Please note, this is my personal experience of living with Ehlers Danlos Syndrome, the treatments and path to diagnosis and should therefore not be taken as medical advice. I am aware that some complaints are only indirect EDS symptoms but these also contribute to the overall picture and my experience with the condition, EDS.
EDS affects joints, muscles and tendons as well as nerve attachments. Connective tissue is present throughout the body, connecting parts of our body to each other. The body’s corrective response often results in symptoms such as fatigue, heaviness, overload and pain. Affected nerves, on the other hand, can lead to numbness, stiffness and a numb feeling.
Pain is experienced differently by everyone and even caregivers struggle with this. I have experienced a lot of pain in my life. I have done heavy work for a long time, with heavy tools and with heavy equipment, where minor injuries often occur: cutting off a fingernail, breaking a toe, burns, etc. In short, I have a reference in terms of pain experience.
I described EDS complaints as: heavy limbs, stiff joints or overloaded muscles. Not so much as pain. Pain was not that nagging feeling, pain was blood, a blow, stab, bump or burn.
Pain specialists often have you indicate your pain on a scale of 1 to 10. Pain levels of 1 or 2 are almost never indicated. We simply do not experience this as pain, but as discomfort or normal. A pain patient will of course not quickly go to a pain consultant with a pain level that he himself indicates is level 1 or 2 on a scale to 10, but if a pain level of 1 or 2 persists chronically, slowly worsening to perhaps 3 or 4, with peaks for bad days, then something is wrong. Then someone with complaints must be able to draw a line between what is still a ‘heavy feeling’ or ‘overload’. Chronic pain, even if it is 0.5 on a scale to 10, must be indicated to someone as pain. You can live with it, yes, but it drains energy from your body.

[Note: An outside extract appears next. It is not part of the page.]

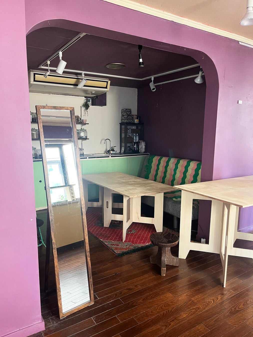 I first came here in April 2022, when PARADISO was a vintage clothing store. A friend of mine was a regular customer and brought me here. The clothes were great, of course, but I actually fell in love with this place at first sight. The purple arched walls, the layout with many bay windows, the red door, the retro building, and the location on the side of a hill brought back a series of memories: it looked like that boutique I entered in Paris, that souvenir shop I visited in Portugal, and that store I visited in that country. At the same time, I was captivated by the property, linking it to the atmosphere and wall color of the store I used to run. In November of the same year, I heard that the previous owner was closing the store, and when I went to the closing sale, I heard from the owner that the next tenant had not yet been decided. We asked about real estate and went straight to the real estate office and decided to rent the property on the spot. I had not thought about this until the day before, but I also felt that the property had appointed me in reverse, that I should not miss this chance.

Because I had constant bladder pain, the pain in my joints and limbs was also pushed to a deeper level. If pain is focused in one place in the body, it is switched off elsewhere.
Not recognizing my EDS pain has led to me not understanding complaints and my body, and as a result I could not explain my complaints to care providers and did not receive the help I needed for too long. My advice: listen very carefully to your body.